### Task description
Wherever the word "along" appears in a line of the data, that line should be copied.
[Recorded information Boundary: Start]
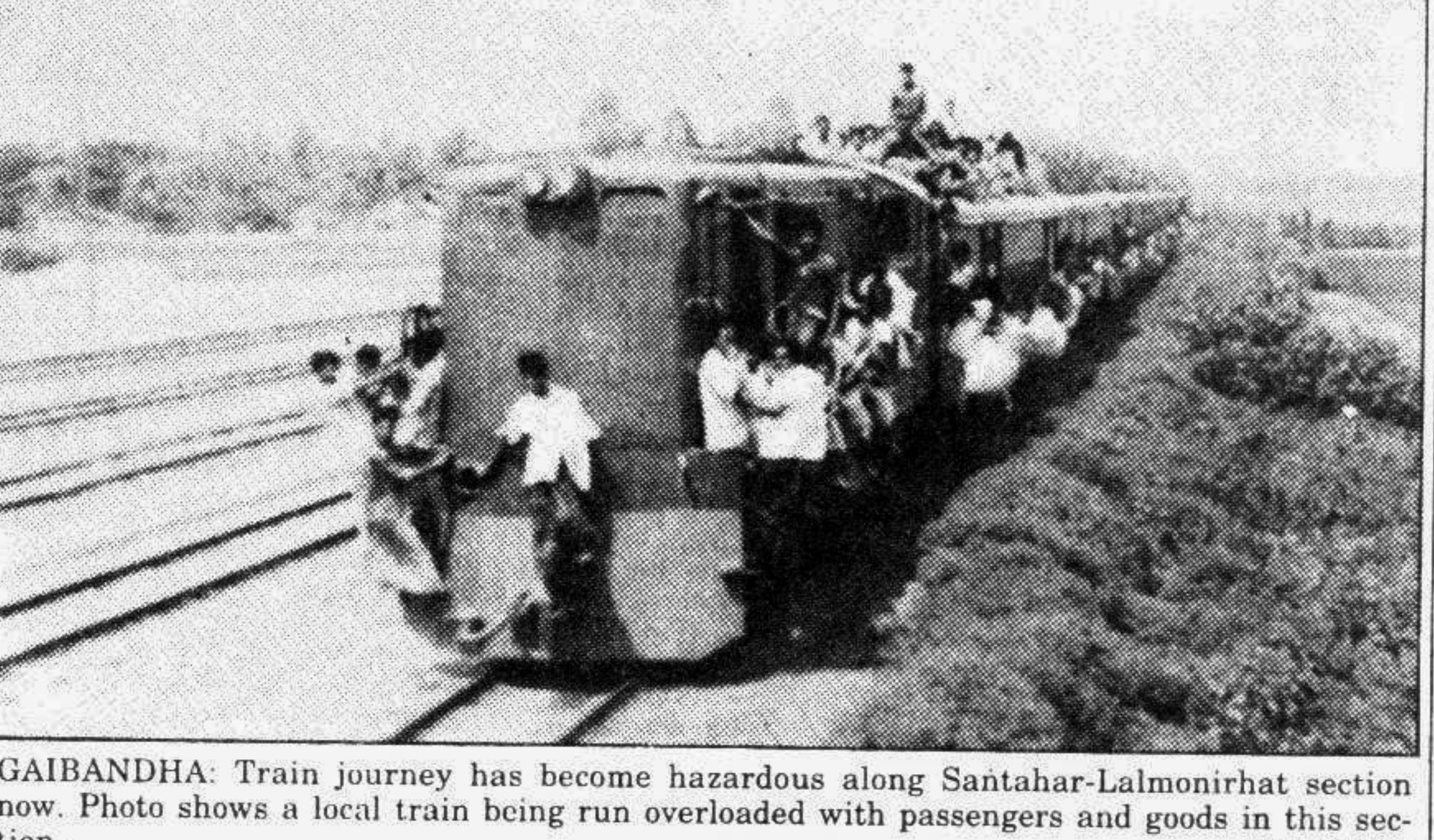
GAIBANDHA: Train journey has become hazardous along Santahar-Lalmonirhat section now. Photo shows a local train being run overloaded with passengers and goods in this section.

From Our Correspondent MYMENSINGH, Apr 17: Navigation is being hampered seriously due to abnormal fall in water level of the river Old Brahmaputra and other rivers of the district. Siltation in the river Old Brahmaputra and other rivers here have created immense sufferings to the people who travel by riverine transports. As navigation along different river routes has been hampered along various river routes, many small businessmen have already closed down their business establishments and many ferry ghat labourers are out of job now. The travelling cost of common people have increased sharply due to massive siltation in river beds. People are suffering a lot who travel from Bhaluka thana to Trishal thana through river Khiru. Now they can not travel at many palces the river as those are dried up totally turning the river bed into 'Boro' paddy fields. Md Kala Mia, a passenger of a particular river route told this correspondent at Kachari Ferry Ghat that due to siltation the movement of small ferry boats have stopped. Many boatmen are now leading a sub-human life due to siltation, he said. As there is no dredging activities for a long time, silts which have been dumped in river beds have created shoals at many places along the river Brahmaputra river.
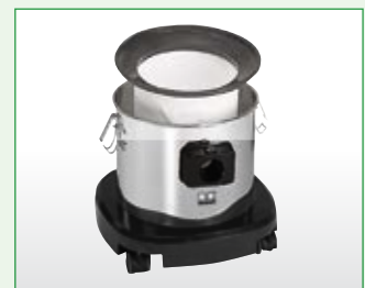
Permanent dirt filter
[Recorded information Boundary: End]
### Completed task
GAIBANDHA: Train journey has become hazardous along Santahar-Lalmonirhat section now. Photo shows a local train being run overloaded with passengers and goods in this section.
From Our Correspondent MYMENSINGH, Apr 17: Navigation is being hampered seriously due to abnormal fall in water level of the river Old Brahmaputra and other rivers of the district. Siltation in the river Old Brahmaputra and other rivers here have created immense sufferings to the people who travel by riverine transports. As navigation along different river routes has been hampered along various river routes, many small businessmen have already closed down their business establishments and many ferry ghat labourers are out of job now. The travelling cost of common people have increased sharply due to massive siltation in river beds. People are suffering a lot who travel from Bhaluka thana to Trishal thana through river Khiru. Now they can not travel at many palces the river as those are dried up totally turning the river bed into 'Boro' paddy fields. Md Kala Mia, a passenger of a particular river route told this correspondent at Kachari Ferry Ghat that due to siltation the movement of small ferry boats have stopped. Many boatmen are now leading a sub-human life due to siltation, he said. As there is no dredging activities for a long time, silts which have been dumped in river beds have created shoals at many places along the river Brahmaputra river.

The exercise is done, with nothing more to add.